[Opening SUPPLIED DATA section]

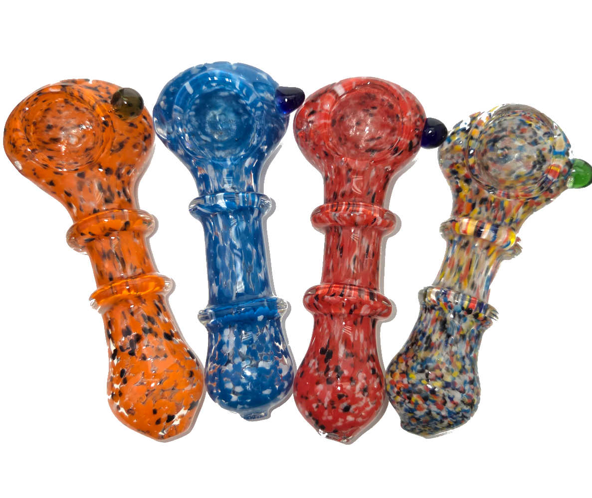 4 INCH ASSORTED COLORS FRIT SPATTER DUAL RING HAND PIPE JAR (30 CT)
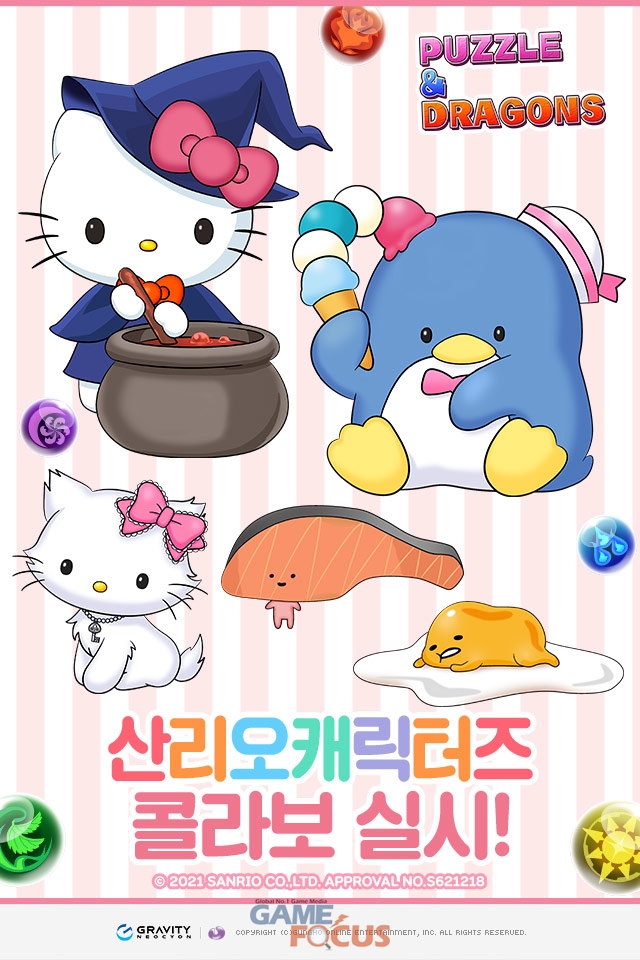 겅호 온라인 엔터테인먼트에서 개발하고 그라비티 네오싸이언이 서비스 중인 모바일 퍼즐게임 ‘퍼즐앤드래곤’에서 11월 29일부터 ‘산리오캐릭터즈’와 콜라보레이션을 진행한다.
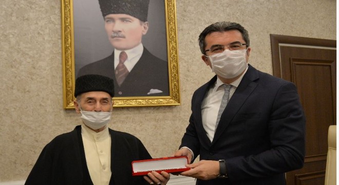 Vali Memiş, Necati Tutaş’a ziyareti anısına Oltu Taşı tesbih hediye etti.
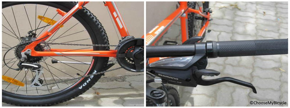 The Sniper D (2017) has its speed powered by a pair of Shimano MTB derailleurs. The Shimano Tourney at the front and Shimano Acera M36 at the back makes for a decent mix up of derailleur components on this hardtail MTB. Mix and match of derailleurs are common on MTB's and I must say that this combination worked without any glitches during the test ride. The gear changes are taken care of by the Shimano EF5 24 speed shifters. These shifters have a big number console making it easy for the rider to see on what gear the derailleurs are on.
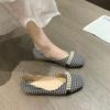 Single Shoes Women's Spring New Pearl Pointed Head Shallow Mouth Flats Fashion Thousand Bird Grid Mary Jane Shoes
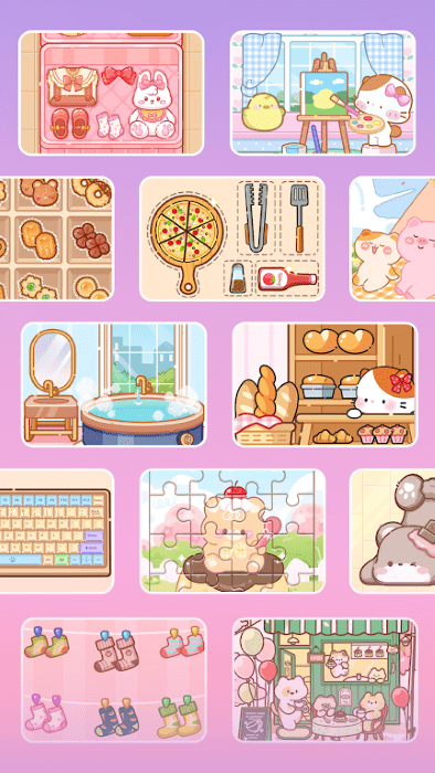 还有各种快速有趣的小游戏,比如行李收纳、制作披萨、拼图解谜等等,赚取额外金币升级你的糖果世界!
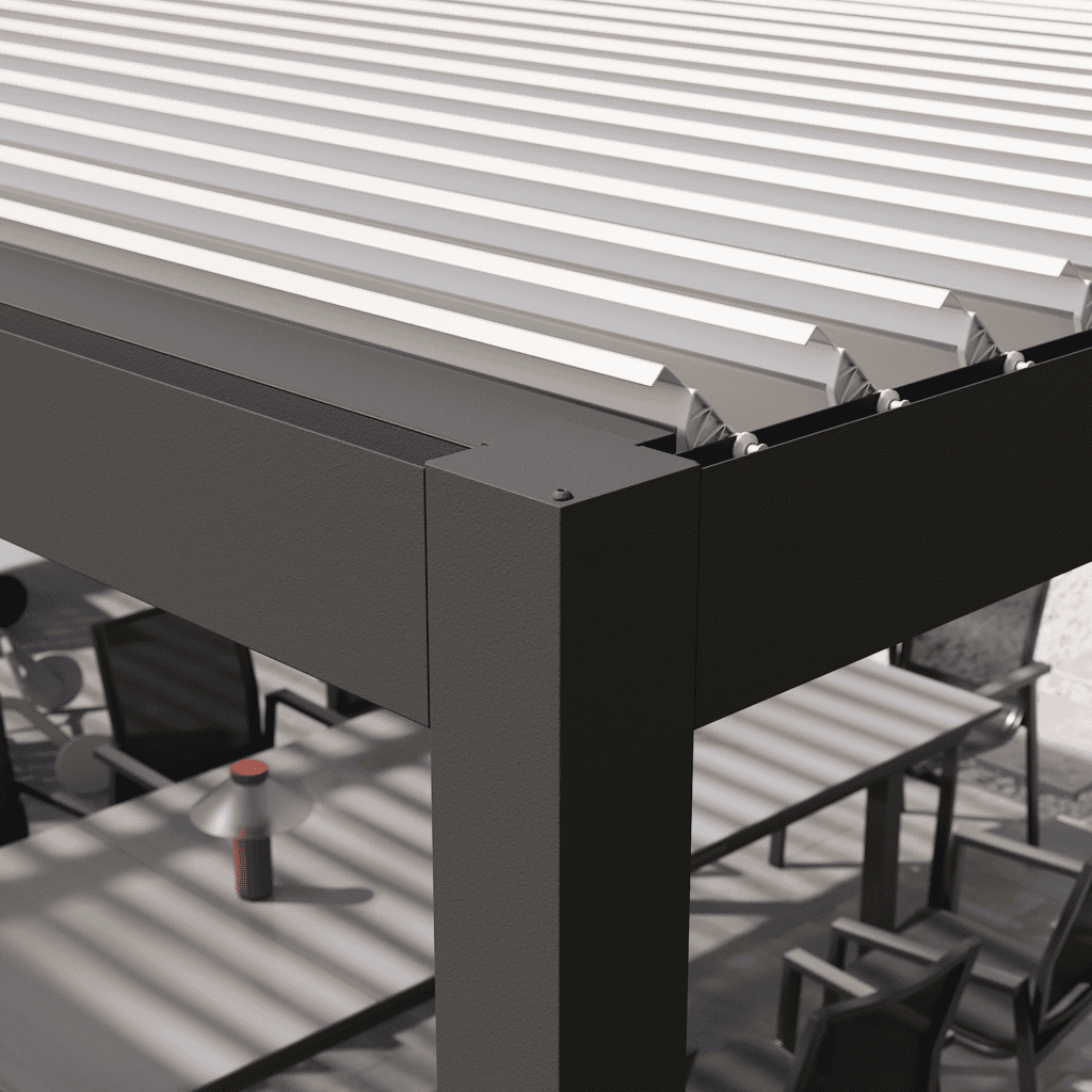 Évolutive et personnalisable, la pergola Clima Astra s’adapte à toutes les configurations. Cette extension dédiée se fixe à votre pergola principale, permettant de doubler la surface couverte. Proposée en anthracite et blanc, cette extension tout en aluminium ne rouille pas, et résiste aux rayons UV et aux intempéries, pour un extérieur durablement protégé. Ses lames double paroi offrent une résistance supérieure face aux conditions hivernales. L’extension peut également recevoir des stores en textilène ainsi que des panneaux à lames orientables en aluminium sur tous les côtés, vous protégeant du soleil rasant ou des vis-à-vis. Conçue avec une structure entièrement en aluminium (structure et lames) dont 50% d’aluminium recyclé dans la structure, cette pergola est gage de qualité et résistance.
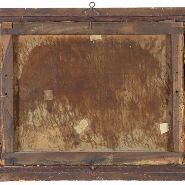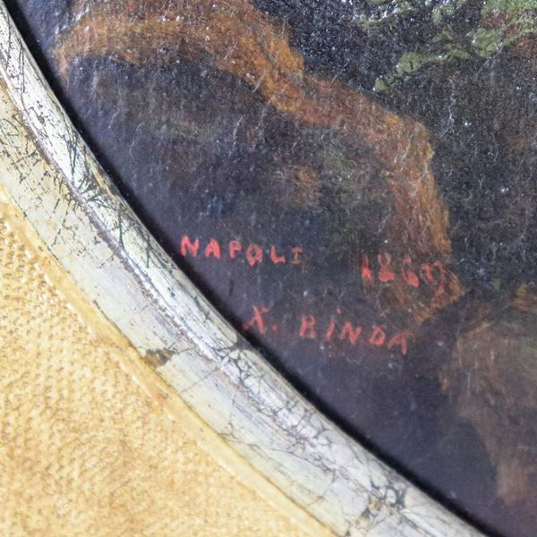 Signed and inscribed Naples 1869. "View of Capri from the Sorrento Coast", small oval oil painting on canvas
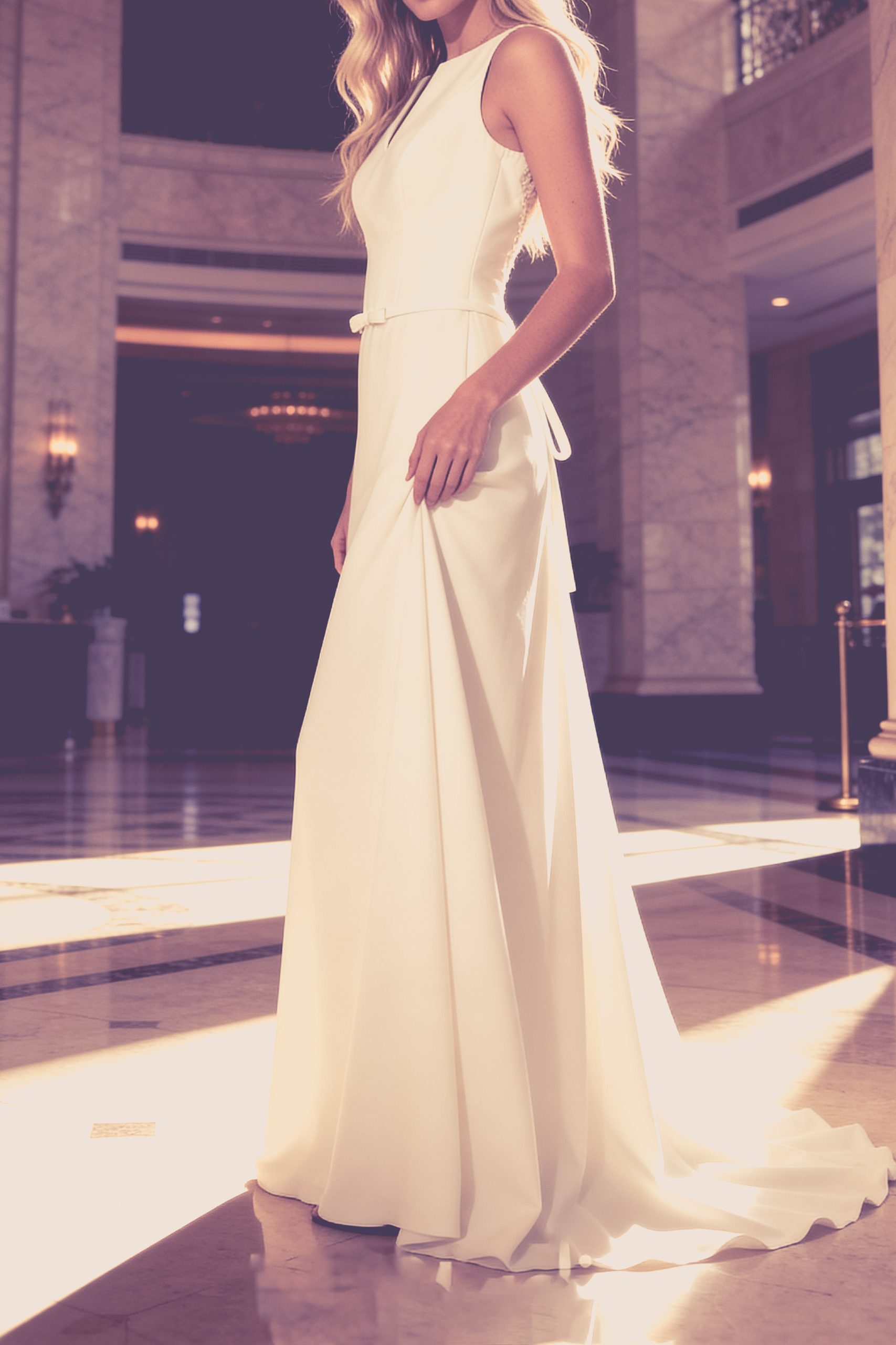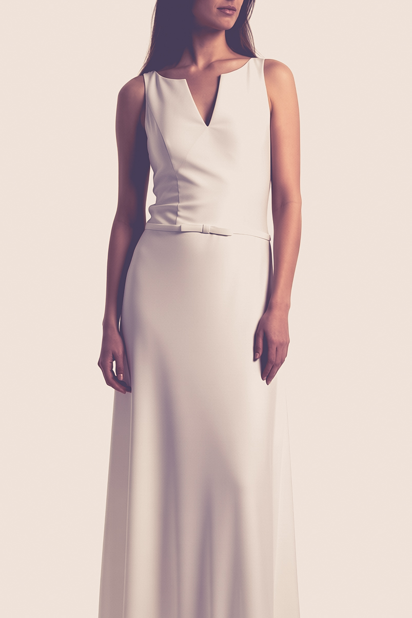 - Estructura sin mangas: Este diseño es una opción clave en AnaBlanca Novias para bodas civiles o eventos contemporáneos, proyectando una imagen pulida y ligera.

[Closing SUPPLIED DATA section]

DESCRIPTION OF THE TASK: Copy the lines above between the one holding "Évolutive et personnalisable, la" and the one holding "Signed and inscribed", inclusive. Drop the pictures.

EXERCISE RESPONSE:
 Évolutive et personnalisable, la pergola Clima Astra s’adapte à toutes les configurations. Cette extension dédiée se fixe à votre pergola principale, permettant de doubler la surface couverte. Proposée en anthracite et blanc, cette extension tout en aluminium ne rouille pas, et résiste aux rayons UV et aux intempéries, pour un extérieur durablement protégé. Ses lames double paroi offrent une résistance supérieure face aux conditions hivernales. L’extension peut également recevoir des stores en textilène ainsi que des panneaux à lames orientables en aluminium sur tous les côtés, vous protégeant du soleil rasant ou des vis-à-vis. Conçue avec une structure entièrement en aluminium (structure et lames) dont 50% d’aluminium recyclé dans la structure, cette pergola est gage de qualité et résistance.
 Signed and inscribed Naples 1869. "View of Capri from the Sorrento Coast", small oval oil painting on canvas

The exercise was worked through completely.